Jean-Charles-Alexandre Sallandrouze de Lamornaix (16 April 1840 in Paris – 18 September 1899 in Cherbourg) was a French admiral who served as the Chief of Staff of the French Navy from 1896 to 1898. He died on the Formidable in Cherbourg Harbour. He was decorated with the French Legion of Honor, Grand Cross of the Order of Saint Anna, the Order of Saint Stanislaus, the Order of Aviz, the Order of Christ of Portugal, the Order of the Holy Sepulchre, the Order of the Medjidie, the Order of the Sacred Treasure and

== Life ==
Jean-Charles-Alexandre Sallandrouze de Lamornaix was the second son of the politician Charles Sallandrouze de Lamornaix, who represented Creuse in the National Assembly between 1846 and 1847.

Sallandrouze de Lamornaix began his career in 1855, as a naval officer at the École navale aboard the training ship Borda (formerly the Commerce de Paris). After a brief station in Brest from August to October 1857, he was assigned to the Algésiras, a ship belonging to the French navy's training squadron (Escadre d'évolution). He was stationed on board the Artémise during a voyage to Iceland in 1860, and then aboard the Biche in the Levant, becoming a sub-lieutenant (Enseigne de vaisseau) while serving on the latter ship in September 1861. Stations on the battleship Masséna and the ships Montezuma and Normandie in the Gulf of Mexico followed, and he became a Chevalier of the Legion of Honour (Légion d'Honneur) in July 1862. He was promoted to lieutenant (Lieutenant de Vaisseau) in January 1864, and stationed for a time in the United Kingdom. Upon his return he translated and published into French the Commercial Code devised by the British Board of Trade; the Code later evolved into the International Code of Signals.

Sallandrouze de Lamornaix gained his first independent command in August 1870, as commander of the gunboat Scorpion in the Far East naval division (division navale de l'Extrême-Orient). He was promoted to commander (Capitaine de Frégate) in 1875, and stationed on the ironclad Gauloise from 1877 until 1879, when he became aide-de-camp to Rear-Admiral Laurent Joseph Lejuene, the commander of the Escadre d'évolution, where he served on the latter's flagship, the ironclad Provence. He commanded the Hirondelle in the same squadron from 1882 until 1885, during which time he was advanced to Officer of the Legion of Honour, in 1882, and promoted to captain (Capitaine de Vaisseau) in March 1884.

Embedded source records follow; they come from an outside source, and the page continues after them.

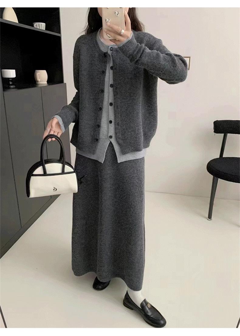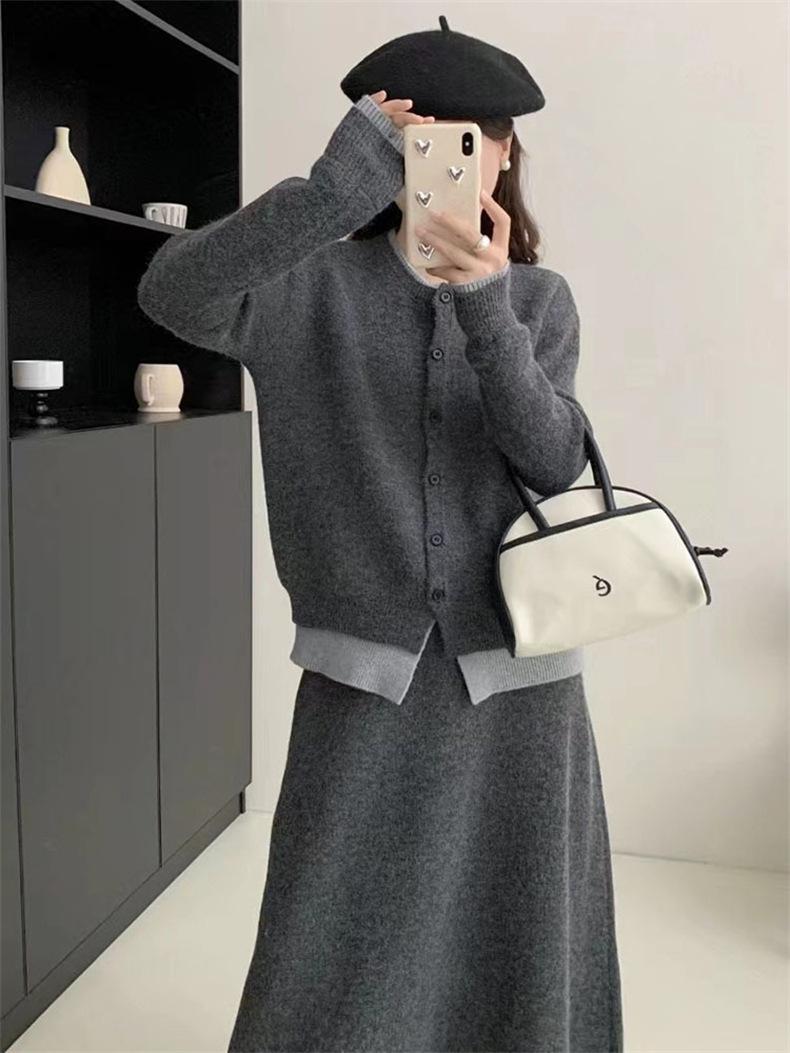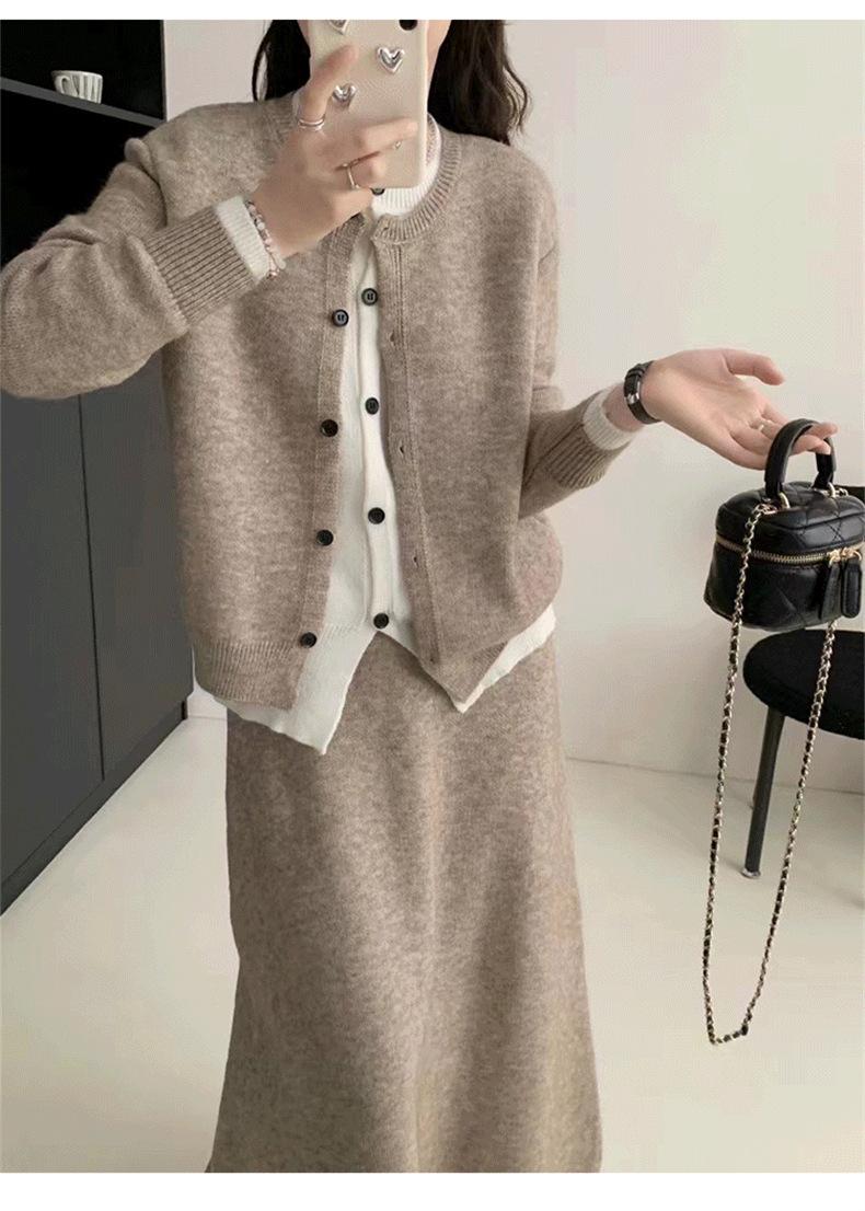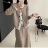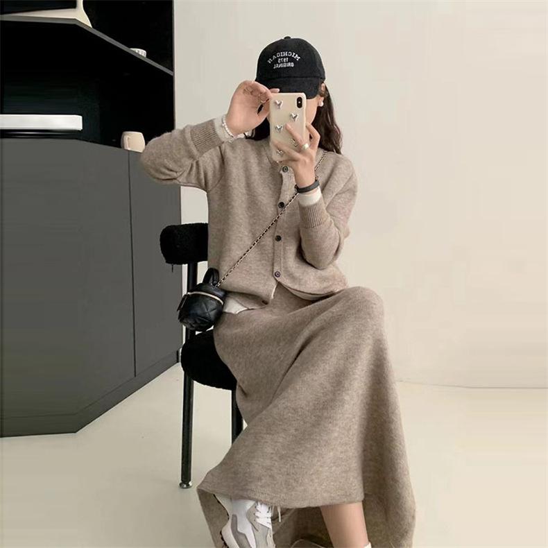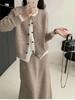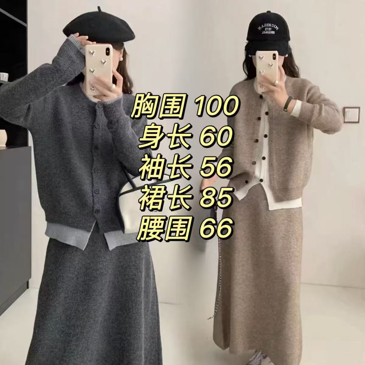 Nuevo Traje de Falda Cárdigan Falso de Dos Piezas 2025 para Mujer Otoño Estilo Casual Holgado Look Adelgazante Traje de Dos Piezas para Mujer
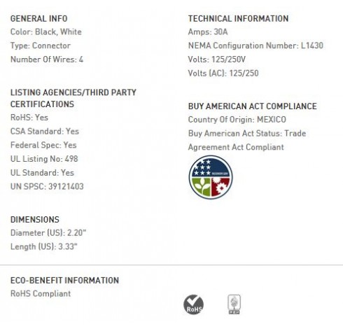 30 AMP NEMA L1430 CONNECTOR - BLACK BACK, WHITE FRONT BODY
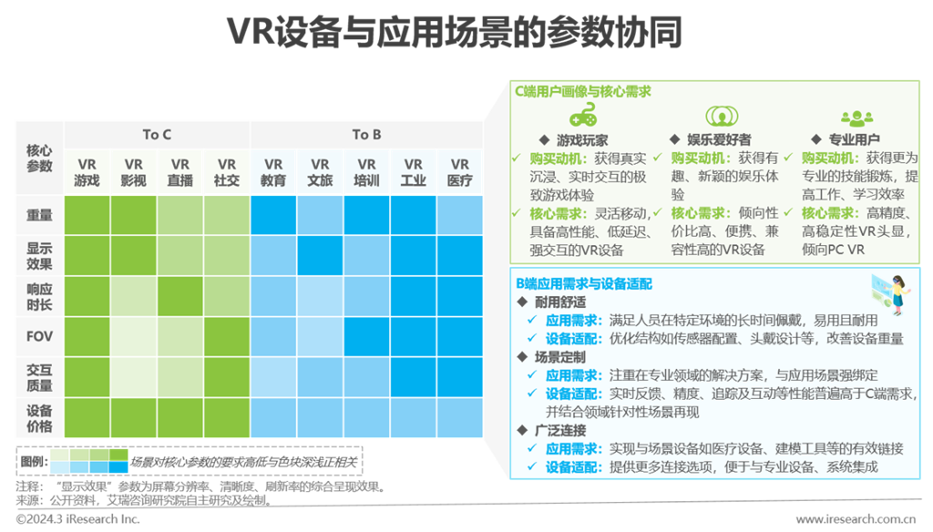 對于消費級領域,游戲是VR在C端落地最早且相對成熟的場景,VR游戲用戶的行業(yè)教育程度最深,導致其對VR產(chǎn)品及服務的敏感性增強。行業(yè)后續(xù)衍生的C端場景中,直播、社交等聚焦動態(tài)與實時交互的細分應用對響應時長、交互質(zhì)量更為關注。VR影視更多依賴預先開發(fā)內(nèi)容,應用重點在于展示。對于行業(yè)級領域,工業(yè)、醫(yī)療等技術門檻高的場景較為關注VR設備的可操作性,因而與應用效果直接關聯(lián)的各項參數(shù),均為該場景的關注重點。在教育、培訓等場景,VR技術與產(chǎn)品的應用價值多體現(xiàn)為對行業(yè)工作模式的創(chuàng)新改革,領域用戶對VR技術、服務性能容忍度更高。
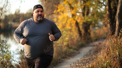 A plus-sized man jogging along a scenic trail, determination in his expression as he focuses on his fitness journey

In 1885, Sallandrouze de Lamornaix returned to the École navale as commander (although the Commerce de Paris had been scrapped and replaced by the Intrépide), before taking command of the ironclad Courbet in the Mediterranean from 1889. He became a rear-admiral (Contre-amiral) in 1890, and a Knight of the Order of the Holy Sepulchre in the same year. From 1891 to 1893, he served as a member of the Board of Construction (Conseil des travaux), and was raised to Commander of the Legion of Honour in 1892. He became commander-in-chief of the naval training division (Division navale volante et d'instruction) in 1893.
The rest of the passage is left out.